New regulations are on the way that could soon be leaving a bitter taste for advertisers of sweet bakery.
Following a public consultation, the government confirmed in June that legislation will come into force at the end of 2022 to introduce a watershed for television advertisements of foods high in fat, salt and sugar (HFSS). The watershed will apply to TV and UK on-demand programmes from 9pm to 5.30am, meaning HFSS adverts can only be shown during these times. But that’s not all – this measure will be accompanied by an online ban on paid-for advertising of HFSS products. (There are certain exemptions – more on which later.)

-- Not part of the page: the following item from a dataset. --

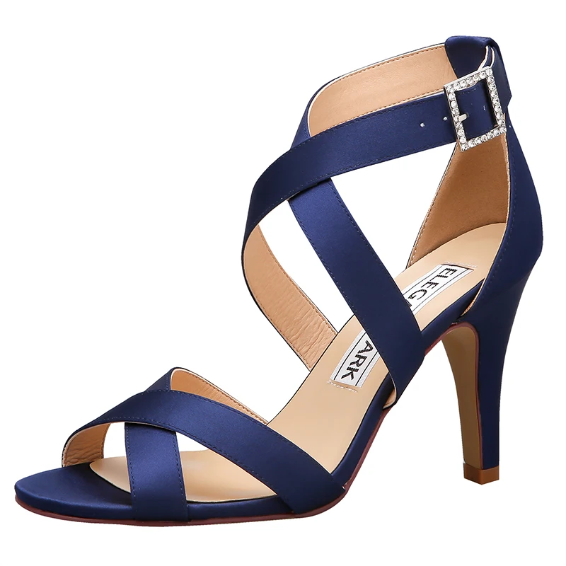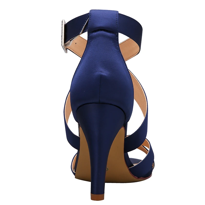 100% Новые Брендовые женские свадебные сандалии темно-синего цвета с открытым носком и перекрестными ремешками

In a separate but linked move, the government is also restricting store promotions of HFSS products by location and volume price. The location restrictions will apply to store entrances, aisle ends and checkouts, as well as their online equivalents (entry pages and landing pages for other food categories, as well as shopping basket or payment pages). Volume price restrictions will prohibit retailers from offering promotions such as ‘buy one, get one free’ and ‘three for two’ offers on HFSS products.

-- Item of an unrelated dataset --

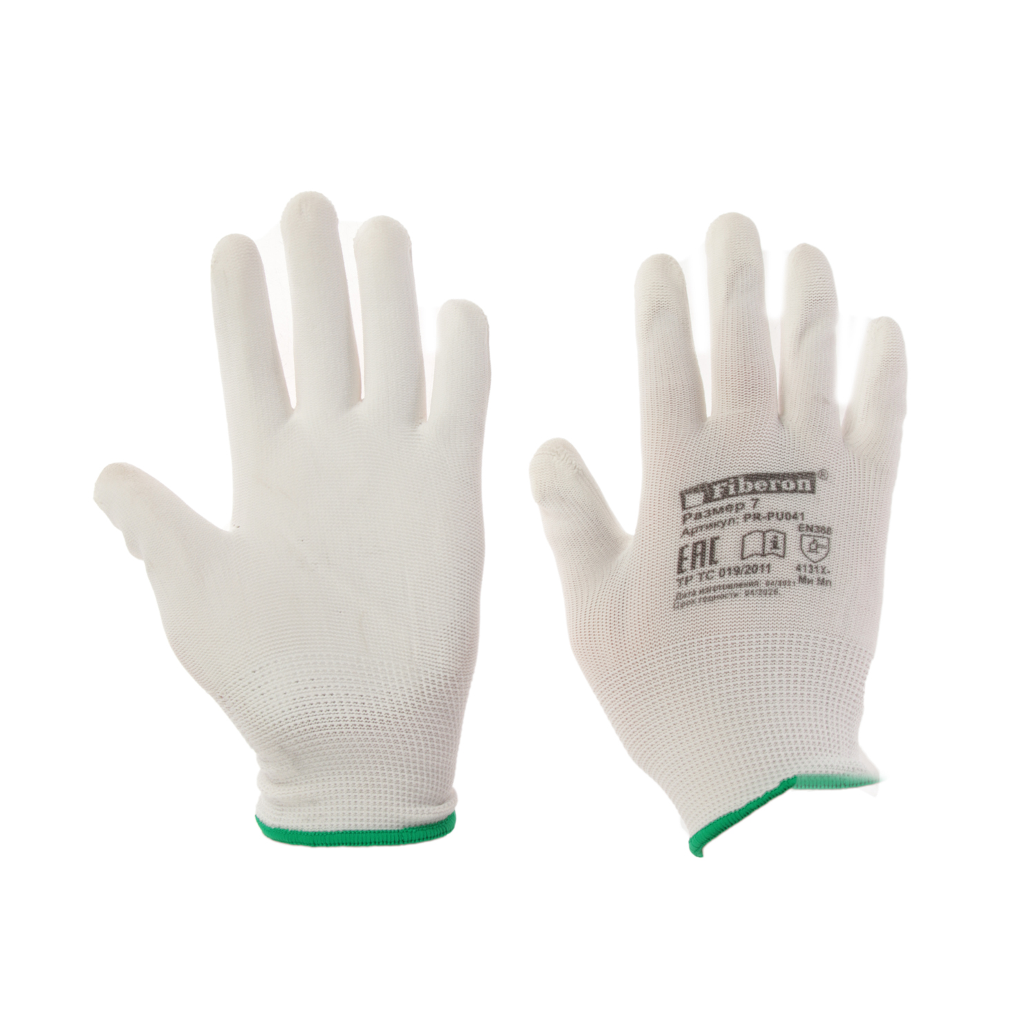 Перчатки рабочие полиэстер, с полиуретановым обливом, Белые, р-р 7(S) PR-PU041 "Fiberon"12/120

The legislation on store promotions was due to come into effect in April 2022 but a six-month delay was agreed in June to allow businesses to adapt, pushing the implementation of the restrictions back to October next year.
In the firing line
So, which bakery products will fall foul of the new rules? The government’s blacklist includes cakes, sweet biscuits, morning goods, pizza and sandwiches (out of home). Chocolate and sugar confectionery, pudding and dairy desserts are also in the firing line. Products in these and other HFSS categories will be subject to the restrictions if they are defined as ‘less healthy’ according to the 2004 to 2005 Nutrient Profiling Model (NPM) developed by the Food Standards Agency.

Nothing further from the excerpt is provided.